How to Lose a Child Before He is Five Years Old

The following is edited and adapted from a message preached by the late J. B. Buffington (1923-2009) at Calvary Baptist Church, Lakeland, Florida, in the early 1970s. Rearing a family ought to be a thing of joy. You ought to sit down at home and laugh about all the little things that happen. You ought to be happy. I can talk about teenagers because I have had four of them. My youngest daughter is 23 years old, so I know a little bit about teenagers. I’ve heard people say, “Everything went along alright until my children became teenagers and then something happened.” But I beg your pardon, that’s not the case. Most of it happened before five years old. That’s why I exhort mothers, “Don’t let anybody be a baby sitter of your children except you and other godly people.” Those first five years, attitudes, security, goals, and many other things are already developed, and they will come into full blossom in teenage years. A child is like a computer. What you put in comes out. You can put something into a computer and pray that something else will come out, but it won’t happen. I urge you not to waste time, to start early. Following are some of the ways that parents can lose their teenagers before they are five years old.

1. Use worldly counsel instead of God’s Word about rearing children.

“Blessed is the man that walketh not in the counsel of the ungodly,” (Psalm 1:1). The world can’t tell you how to raise your boy or girl. I don’t care how well they are trained; God knows human nature better than anybody else. He made the children, and you need to stick by the Word of God. It works! Following worldly counsel is the way to lose them. Hosea 4:6 says, “My people are destroyed for lack of knowledge…” Hosea 8:12 says, “I have written to him the great things of my law, but they were counted as a strange thing.” Why do teenagers smoke marijuana? They do it to escape reality, to enter a fantasy world. Now ladies, that soap box opera on the television in the afternoon is not reality, and if you expect to rear your children and to be the kind of wife that you ought to be, you better turn off those programs and forget those things. That is not reality. That is escapism; that’s dreaming. That is much a flight from reality as a kid on marijuana.

2. Consider children a burden, a blight, a curse, a robber of your time and pleasure.

A child knows how you feel toward him and reacts toward you in the same manner. Even a baby knows whether you love him or not. If you think your children are a blight and a burden and that they are in your way, the best thing you can do for them is to give them away because you will have many heartaches when they get to be teenagers. You program into their hearts that they are in your way, that they take your time, that they are just trouble, that they aren’t valuable, and when they get to be teenagers, all of that resentment comes pouring out. We need to consider our children “an heritage from the Lord” and “his reward” (Psalm 127:3), because they will live and act like what we have told them they are by our attitude toward them. If I have told them that they are the joy of my life, that is the way they will live.

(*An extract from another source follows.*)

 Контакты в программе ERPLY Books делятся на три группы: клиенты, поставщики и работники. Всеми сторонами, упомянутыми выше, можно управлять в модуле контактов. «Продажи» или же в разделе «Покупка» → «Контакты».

3. Make your possessions more important than your children; don’t make the home a place of fun.

You tell them, “Get out of the house; get off my carpet!” and then you wonder when they are teenagers that they don’t want to come home. Now, I don’t believe that the children should break things and I believe they should learn how to clean up their messes, but there is something more important than the home and the furniture and the carpet and the piano, and that is the people who live there. I like to live at home. That is where I can kick off my shoes in the living room. That’s where I can relax and enjoy myself; and Mom and Dad, you need to make sure that your children feel that way. There have been very few nights that my children have asked to stay away from home. If the home is a place of joy, they will bring their friends there. Before a child is five years old, he knows if the home is a place of happiness and a place where he can enjoy himself. Now, I don’t believe in a dirty house. There is a difference between a dirty house and a house that is comfortable and a bit “messed up.” A house that is dirty hasn’t been cleaned, but a house that is messed up is lived in. When your children become teenagers, what will they think about the place called home? Laughter? Joy? Home ought to be the place where you can bring your friends and have fun. The most important thing for parents to do is assure their children that they are more important than anything in that home. Sure, you teach them how to take care of things, but they must understand that they are the really important things to you.

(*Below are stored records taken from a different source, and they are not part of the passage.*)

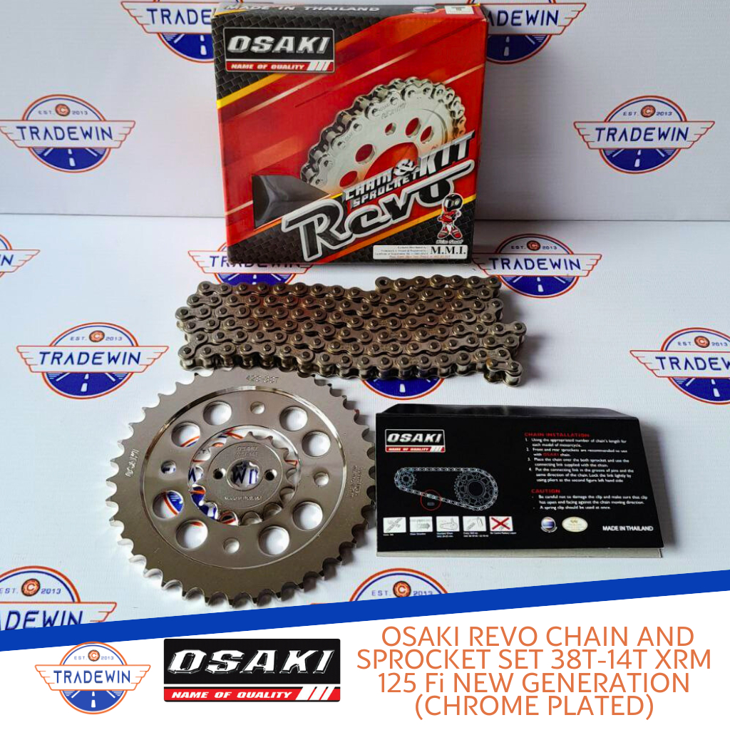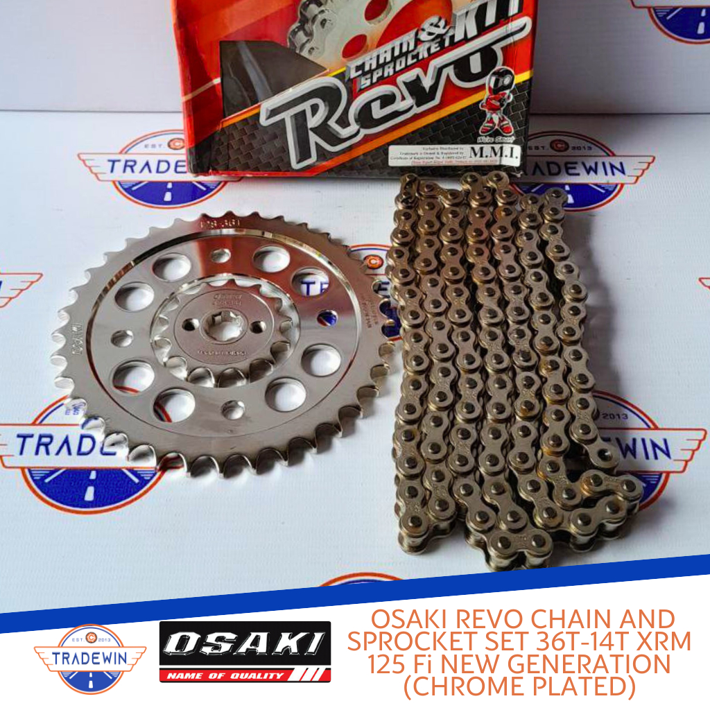 XRM 125 Fi NEW GENERATION (CHROME PLATED) OSAKI REVO CHAIN AND SPROCKET SET 34T-14T 36T-14T 38T-14T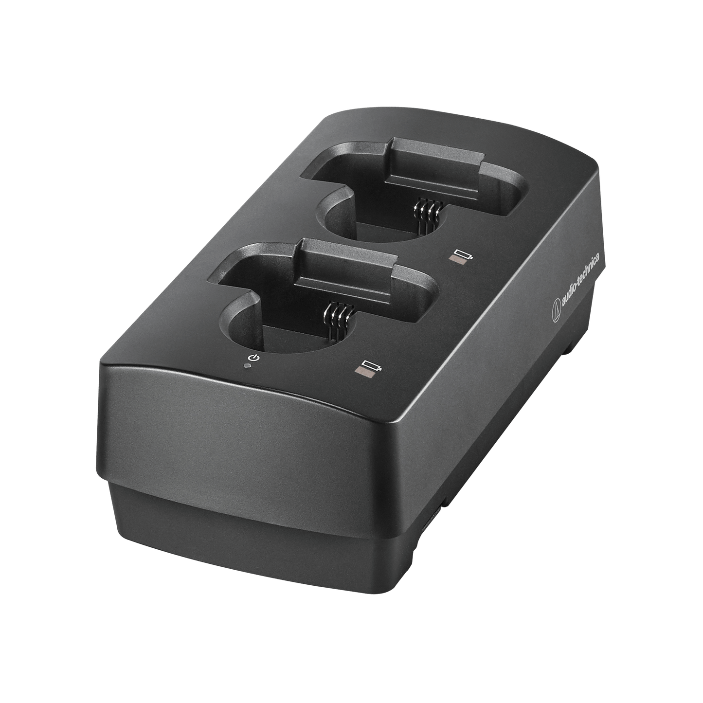 - Two-bay charging station for use with 3000 Series (fourth generation) handheld (ATW-T3202) and body-pack (ATW-T3201) transmitters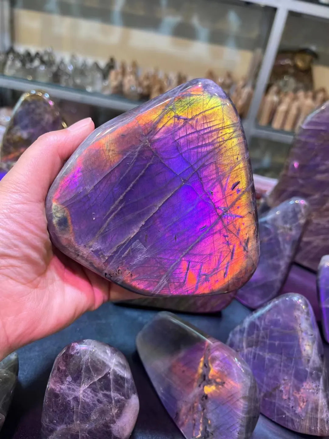 Transform your home into a calming oasis with our Natural Crystal Blue and Violet Moonstone Raw Gemstone Ornament. Perfect for decorating and healing, the polished quartz and labradorite stones add a touch of tranquility and balance to any space. Embrace the power of nature with this beautiful and unique piece.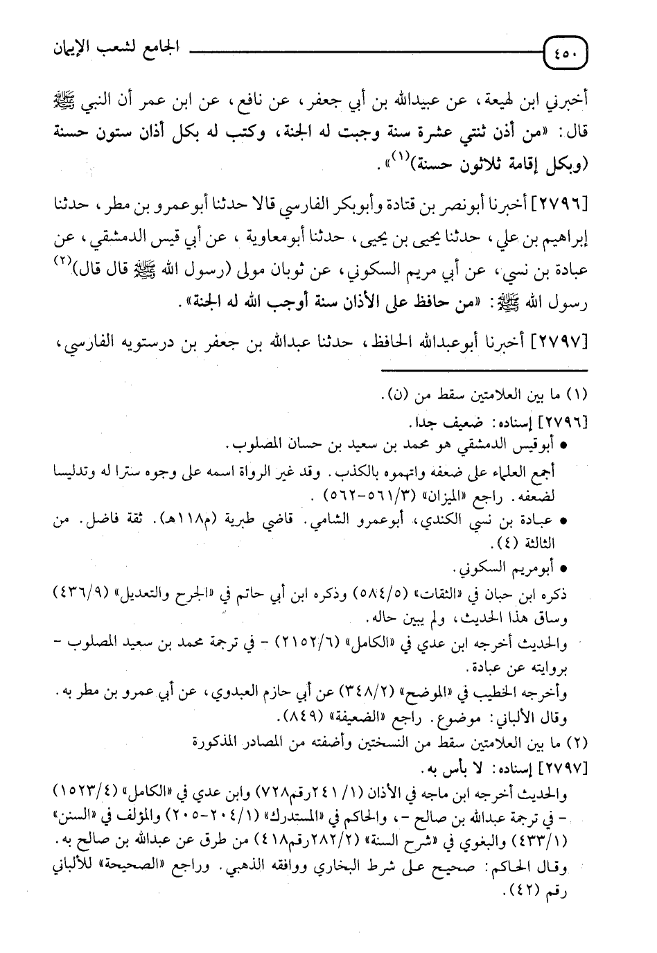 2797 - أَخْبَرَنَا أَبُو عَبْدِ اللهِ الْحَافِظُ، حَدَّثَنَا عَبْدُ اللهِ بْنُ جَعْفَرَ بْنُ دُرُسْتَوَيْهِ الْفَارِسِيُّ، -[451]- حَدَّثَنَا يَعْقُوبُ بْنُ سُفْيَانَ الْفَسوِي، حَدَّثَنَا أَبُو صَالِحٍ عَبْدُ اللهِ بْنُ صَالِحٍ، حَدَّثَنِي يَحْيَى بْنُ أَيُّوبَ، عَنِ ابْنِ جُرَيْجٍ، عَنْ نَافِعٍ، عَنِ ابْنِ عُمَرَ، أَنَّ النَّبِيَّ صَلَّى اللَّهُ عَلَيْهِ وَسَلَّمَ قَالَ: " §مَنْ أَذَّنَ ثِنْتَيْ عَشْرَةَ سَنَةً وَجَبَتْ لَهُ الْجَنَّةُ، وَكَتَبَ اللهُ لَهُ بِتَأْذِينِهِ كُلُّ مَرَّةٍ سِتِّينَ حَسَنَةً، وَبِكُلِّ إِقَامَةٍ ثَلَاثِينَ حَسَنَةً "

4. Compare one child unfavorable with another.

“Why can’t you be like sister?” “Why can’t you be like that boy down the street?” I’ve got news for you, that’s the last thing they will be. If that other kid is an A student, your child will say to himself, “I’m not going to be like him; I’m going to be a failure.” If you don’t know that, you better wise up. You never compare children. The only Person we are to compare ourselves with is Jesus Christ. He is the comparison.

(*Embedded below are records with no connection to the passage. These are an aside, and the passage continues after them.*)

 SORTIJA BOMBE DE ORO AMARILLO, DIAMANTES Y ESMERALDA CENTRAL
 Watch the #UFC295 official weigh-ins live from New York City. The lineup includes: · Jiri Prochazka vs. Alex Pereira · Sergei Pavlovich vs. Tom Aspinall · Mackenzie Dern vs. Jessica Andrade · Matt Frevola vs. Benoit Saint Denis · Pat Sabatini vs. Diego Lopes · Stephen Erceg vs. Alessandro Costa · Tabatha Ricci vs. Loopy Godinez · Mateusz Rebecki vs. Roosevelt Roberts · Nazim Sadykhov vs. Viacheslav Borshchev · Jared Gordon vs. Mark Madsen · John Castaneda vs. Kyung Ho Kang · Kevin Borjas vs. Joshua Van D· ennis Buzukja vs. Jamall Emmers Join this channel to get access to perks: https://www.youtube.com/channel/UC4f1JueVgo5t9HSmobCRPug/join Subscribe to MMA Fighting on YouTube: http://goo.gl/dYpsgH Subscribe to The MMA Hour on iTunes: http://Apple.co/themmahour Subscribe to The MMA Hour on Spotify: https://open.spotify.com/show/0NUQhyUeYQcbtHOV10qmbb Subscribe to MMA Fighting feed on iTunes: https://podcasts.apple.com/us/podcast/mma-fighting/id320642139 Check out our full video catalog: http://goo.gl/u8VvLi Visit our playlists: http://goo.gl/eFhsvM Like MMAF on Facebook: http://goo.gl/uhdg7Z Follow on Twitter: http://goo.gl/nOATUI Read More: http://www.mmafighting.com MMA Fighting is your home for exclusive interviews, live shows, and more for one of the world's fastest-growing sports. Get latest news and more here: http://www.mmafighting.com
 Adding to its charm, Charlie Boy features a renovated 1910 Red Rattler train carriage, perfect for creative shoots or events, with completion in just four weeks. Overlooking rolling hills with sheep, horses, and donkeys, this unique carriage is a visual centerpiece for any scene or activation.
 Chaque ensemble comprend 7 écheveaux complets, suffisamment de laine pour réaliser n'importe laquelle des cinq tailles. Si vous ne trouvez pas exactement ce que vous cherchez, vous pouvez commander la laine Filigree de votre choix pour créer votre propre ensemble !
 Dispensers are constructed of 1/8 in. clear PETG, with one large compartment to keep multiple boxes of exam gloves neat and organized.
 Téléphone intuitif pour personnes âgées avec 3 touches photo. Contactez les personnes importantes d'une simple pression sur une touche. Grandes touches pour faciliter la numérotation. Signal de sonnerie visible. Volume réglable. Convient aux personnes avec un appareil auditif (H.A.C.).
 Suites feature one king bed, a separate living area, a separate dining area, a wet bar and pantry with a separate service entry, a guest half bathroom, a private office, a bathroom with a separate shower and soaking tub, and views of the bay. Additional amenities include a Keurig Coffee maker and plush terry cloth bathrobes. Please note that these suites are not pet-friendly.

5. Make a federal case out of them being children.

Paul said, “When I was a child, I spake as a child, I understood as a child, I thought as a child” (1 Cor. 13:11). Children are children, and there are things they do just because they are children. Don’t make a federal case out of it. Don’t try to make an adult out of a child. Children like to play. It’s not natural for them to sit still long. Some of you Sunday School teachers think that a little kid is going to put his feet on the floor, fold his hands, and focus his eyes on you while you teach him for 30 minutes. You better wise up. The child’s attention span is short. I think of one of my girls pushing crayons up her nose. I think of another of my girls taking her shoes off at Highland Park Baptist Church and throwing them over her shoulder. I stood up to preach one night and had the various texts marked with paper clips and one of the kids had pulled all of the paper clips out. Another time I stood up to preach and instead of pulling a handkerchief out of my pocket I pulled a pair of little panties out. I caught my boy trying to put the dog in the dryer. He was wet. The kids took a pound of bacon out in the yard and fried it in the sand, playing house. Kids do things just because they are children. They aren’t doing it in rebellion, but just because they are children. There is a vast difference between a child being a child and a child being a rebel. Now, you deal with rebellion, but don’t make a federal case out of a child being a child.

6. Threaten constantly and discipline ineffectively.
Keep on threatening to whip them, but don’t do it. And when you do whip them, just tap them enough to make them angry. I watch parents do that. If you are going to spank them, do it right and you do it until they are happy. When you discipline, you discipline until they are submissive. And if they are still in rebellion, you didn’t do it right. Either your attitude was wrong, or you didn’t keep it going until the plate got warm. If you’re not going to do it right, don’t do it. If you do it right, you won’t have to do it so often.

7. Belittle them.

“You dumb thing; you can’t do anything right; why don’t you get out of the way and let me do that.” So they grow up with an inferiority complex the size of a mountain because you belittled them. There are many kids that learned to be a failure before they were five years old.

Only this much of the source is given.